Freq (edge attribute)
Edge attribute calculated by SiGN-BN NNSR. It represents the frequency of the edge estimated during the iterations of the NNSR algorithm. The range of the value is from 0 to 1. By the default setting, an edge with Freq greater than 0.2 is regarded as being estimated. You can consider this value as the confidence of the estimated edge. This does not represent the accuracy nor the strength of the edge. See the original publication for the detailed definitions.

G

gene set
A gene set is defined as a set of genes (nodes) used for the single gene network estimation.

H

hub
A hub, a hub gene, or a hub node is a node which has many child nodes in a network. Hub genes are very important because they are considered as master regulators in a network.

N

network
A network or a gene network is a set of nodes and directed edges. A network is estimated from a dataset by a network estimation method. The network name is made from a combination of a gene set name, an array set name and the estimation method.
node
A node is a point connected with edges in a network. It is generally defined as a single probe in DNA arrays. Thus, if it matches for more than one genes, it consists of these matched genes. If so, in TCNG, the node name is made from the matched gene symbols concatenated with triple slashes (///).

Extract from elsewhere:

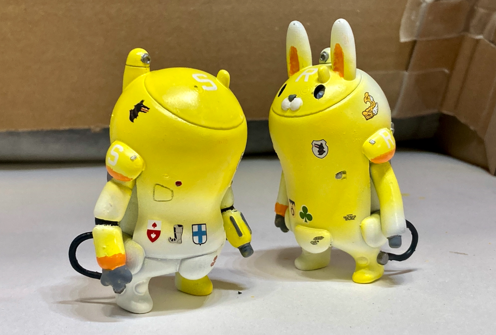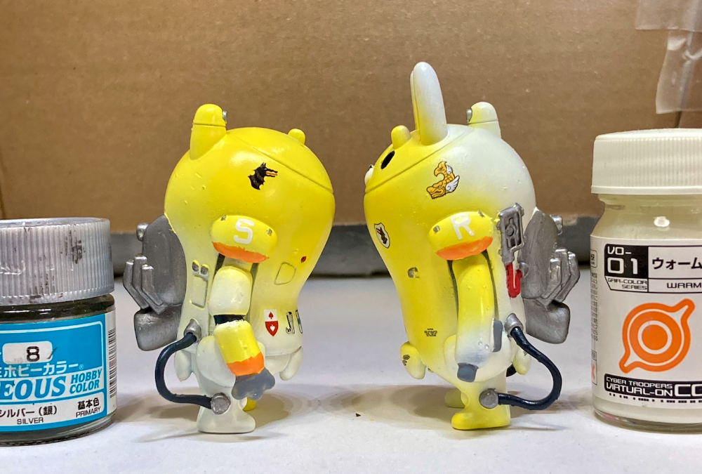 ↑で、当時アクリルガッシュで仕上げたのがこのドクロマークのファイアボール。右肘のシワをかっこつけてたしかパテで作ったら角度が不自然に笑。20年後に作ったパチもんと並べて。同じ白×黄な色味ですね。変わってない…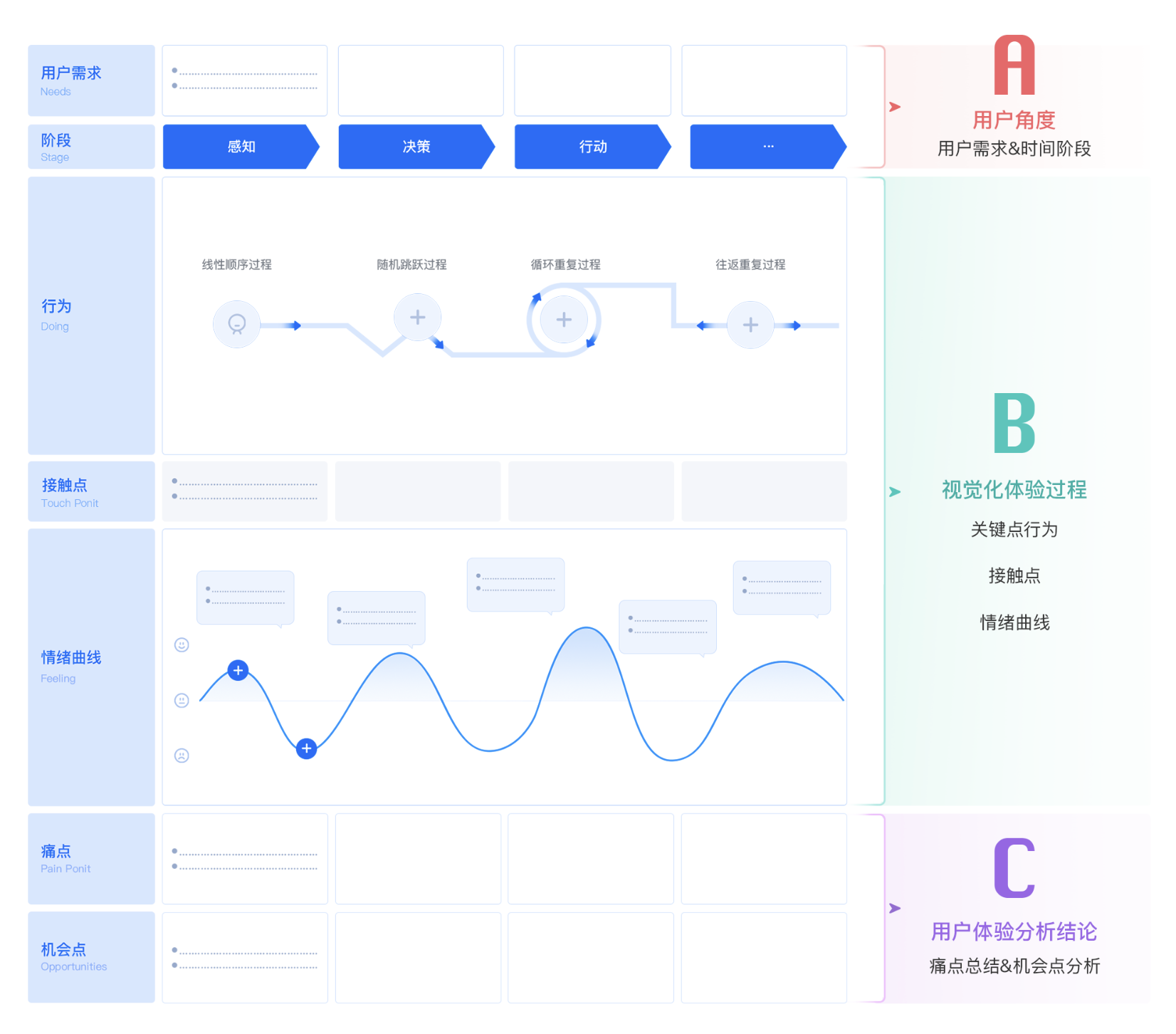 用戶體驗(yàn)地圖,是從真實(shí)用戶視角出發(fā),可視化呈現(xiàn)用戶完成某一核心任務(wù)的全流程體驗(yàn)工具。它梳理了用戶在任務(wù)中的每一個(gè)行為、與產(chǎn)品的接觸點(diǎn)、伴隨的情緒變化,精準(zhǔn)定位體驗(yàn)痛點(diǎn),最終提煉可落地的優(yōu)化機(jī)會(huì)點(diǎn)。

Two nodes are connected with a directed edge.

P

parent
If two nodes are connected with a directed edge (arrow), the source node is called as parent, parent node, or parent gene.

S

SiGN
SiGN is a collection of gene network estimation software develped at Laboratory of DNA Information Analysis & Laboratory of Sequence Analysis, Human Genome Center, Institute of Medical Science, The University of Tokyo; and Department of Computer Science, Graduate School of Information Science and Technology, The University of Tokyo. Visit SiGN web site for more details.
SiGN-BN
SiGN-BN is gene network estimation software using Bayesian networks included in SiGN. Visit SiGN-BN web site for more details.